The US supreme court will hear arguments on Wednesday over whether Donald Trump can reverse generations of precedent and deny birthright citizenship to babies born on US soil, which would impact hundreds of thousands of children annually.
As of Wednesday morning, and per his official schedule sent out by the White House, the US president has plans to sit in on the hearing.
On his first day in office, Trump issued an executive order that sought to undo birthright citizenship, overriding the US constitution – or, as his administration has argued, interpret the constitution correctly, in defiance of supreme court precedent.
If the court rules against Trump, it would be a major hit for one of his biggest policy changes, coming after the court struck down his tariffs, another of his signature policies. It would likely anger the president, who earlier this week claimed that other countries are “selling citizenships” to the US and attacked the federal court system as “stupid” on Truth Social.
Democratic state attorneys general and advocacy groups immediately filed lawsuits against the order, arguing it extends beyond Trump’s authority. The supreme court will hear Trump v Barbara, a class action brought by parents of children who would be affected by the change.
“This Order seeks to strip away the ‘priceless treasure’ of citizenship … threatening them with a lifetime of exclusion from society and fear of deportation from the only country they have ever known,” the American Civil Liberties Union (ACLU) wrote in its initial filing of the class action case in federal court in New Hampshire last year. “But that is illegal. The Constitution and Congress – not President Trump – dictate who is entitled to full membership in American society.”
The 14th amendment, adopted in 1868 during the reconstruction era after the US civil war to codify the rights of Black Americans and reverse the Dred Scott decision, confers citizenship to “all persons born or naturalized in the United States, and subject to the jurisdiction thereof”.
The Trump administration argues the phrase “subject to the jurisdiction thereof” means babies born in the US to people who are not lawfully present in the country are not citizens. The executive order says this includes when neither of a person’s parents were US citizens or lawful permanent residents, or if a parent has legal, but temporary, status.
The order would apply to those born in the US after 19 February 2025. The Migration Policy Institute estimated this change would increase the population of unauthorized immigrants significantly – “by an additional 2.7 million by 2045 and by 5.4 million by 2075”, a projection released last May said, based on an average of about 255,000 children born under these parameters each year.
One named plaintiff in the case is a Honduran citizen with a pending asylum application in the US who was expecting her fourth child. Another is a citizen of Taiwan who has been in the US for 12 years whose fourth child would be affected by the order; her three other children are US citizens. A third is a father, a Brazilian citizen living in the US for the past five years, whose first child was born in March 2025, after the order would be in place if it’s legally upheld.
“She fears her child will be unjustly denied the security, rights, and opportunities that come with US citizenship, leaving their future in doubt,” the lawsuit said of the person with the pseudonym Barbara.

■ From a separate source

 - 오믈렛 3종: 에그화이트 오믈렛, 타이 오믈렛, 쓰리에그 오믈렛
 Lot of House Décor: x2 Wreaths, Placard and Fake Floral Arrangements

The ACLU argues ending birthright citizenship would create “a permanent subclass of people born in the United States who are denied their rights as American citizens,” noting the case’s high stakes, “whether America will preserve the country’s tradition from its founding and constitutional promise that every child born here belongs here.”

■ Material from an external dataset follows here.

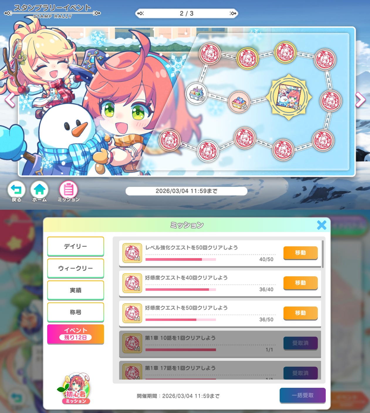 所持品の消費アイテムを全て開けて雪属性の星3キャラと星2キャラに入れるんだよ

The president cannot unilaterally overturn a constitutional amendment; that requires congressional action. But the administration is arguing not that they’re overturning the amendment, but rather interpreting it according to its intended meaning. The Trump administration wants the supreme court to reinterpret the amendment and allow the order to be enforced, overriding more than 125 years of legal precedent.

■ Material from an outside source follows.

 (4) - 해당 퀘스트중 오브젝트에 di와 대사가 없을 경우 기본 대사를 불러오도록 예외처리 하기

The landmark decision on birthright citizenship, United States v Wong Kim Ark, made clear that a child born to parents of Chinese descent who had permanent “domicile” in the US would be a US citizen at the time of birth under the 14th amendment. The Trump administration argues “domicile”, meaning a permanent residence, is a critical part of the interpretation, despite the word not appearing in the amendment itself.
“Birthright Citizenship was not meant for people taking vacations to become permanent Citizens of the United States of America, and bringing their families with them, all the time laughing at the ‘SUCKERS’ that we are!” the president wrote on Truth Social last year.
The administration is relying in part on the legal arguments of a white supremacist from the late 1800s, the Washington Post reported. John Eastman, a lawyer who worked with Trump to try to overturn the 2020 election results, is also a key proponent of the effort to overturn birthright citizenship, Politico reported.
While most conservative legal scholars believe the 14th amendment has been interpreted correctly, more in recent years have come to believe Trump could win. Two legal scholars wrote in the New York Times last year that “the justices will find that the case for Mr Trump’s order is stronger than his critics realize.”